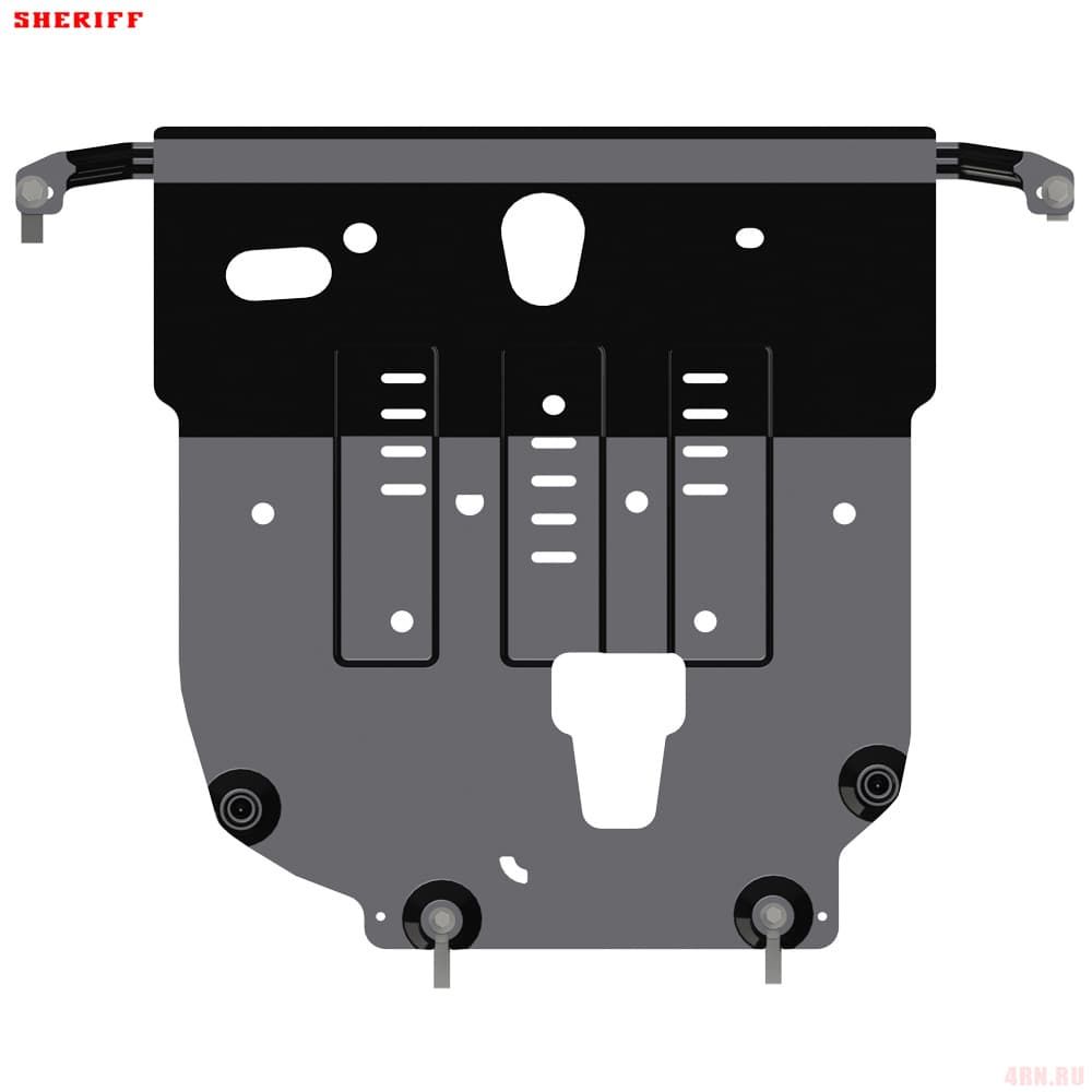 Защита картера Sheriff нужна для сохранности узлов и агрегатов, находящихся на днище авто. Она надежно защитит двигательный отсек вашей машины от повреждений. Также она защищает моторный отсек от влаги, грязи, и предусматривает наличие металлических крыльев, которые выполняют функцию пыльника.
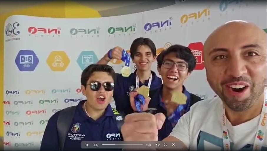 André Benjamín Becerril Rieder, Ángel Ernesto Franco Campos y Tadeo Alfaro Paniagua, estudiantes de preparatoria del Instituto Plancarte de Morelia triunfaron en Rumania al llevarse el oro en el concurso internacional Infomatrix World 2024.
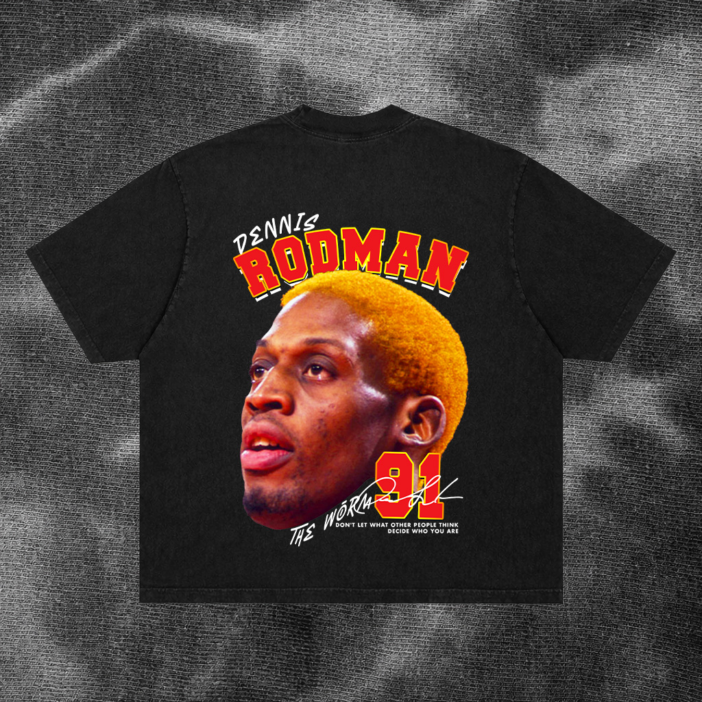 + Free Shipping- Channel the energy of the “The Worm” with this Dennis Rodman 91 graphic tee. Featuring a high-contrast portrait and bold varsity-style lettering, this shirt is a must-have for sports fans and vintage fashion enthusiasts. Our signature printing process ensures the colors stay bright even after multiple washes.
________________________
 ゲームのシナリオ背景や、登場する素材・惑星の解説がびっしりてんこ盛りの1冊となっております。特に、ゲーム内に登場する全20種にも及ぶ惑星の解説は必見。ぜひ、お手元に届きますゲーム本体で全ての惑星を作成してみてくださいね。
________________________
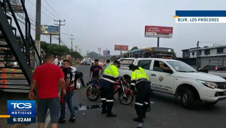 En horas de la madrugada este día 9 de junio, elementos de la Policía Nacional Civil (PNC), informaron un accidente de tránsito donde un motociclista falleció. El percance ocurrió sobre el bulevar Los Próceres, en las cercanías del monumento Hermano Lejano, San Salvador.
________________________
Pictures in the material above should be skipped; print exactly the lines from the one with "Защита картера Sheriff" through the one with "after multiple washes.".

**RESPONSE AREA**:
 Защита картера Sheriff нужна для сохранности узлов и агрегатов, находящихся на днище авто. Она надежно защитит двигательный отсек вашей машины от повреждений. Также она защищает моторный отсек от влаги, грязи, и предусматривает наличие металлических крыльев, которые выполняют функцию пыльника.
 André Benjamín Becerril Rieder, Ángel Ernesto Franco Campos y Tadeo Alfaro Paniagua, estudiantes de preparatoria del Instituto Plancarte de Morelia triunfaron en Rumania al llevarse el oro en el concurso internacional Infomatrix World 2024.
 + Free Shipping- Channel the energy of the “The Worm” with this Dennis Rodman 91 graphic tee. Featuring a high-contrast portrait and bold varsity-style lettering, this shirt is a must-have for sports fans and vintage fashion enthusiasts. Our signature printing process ensures the colors stay bright even after multiple washes.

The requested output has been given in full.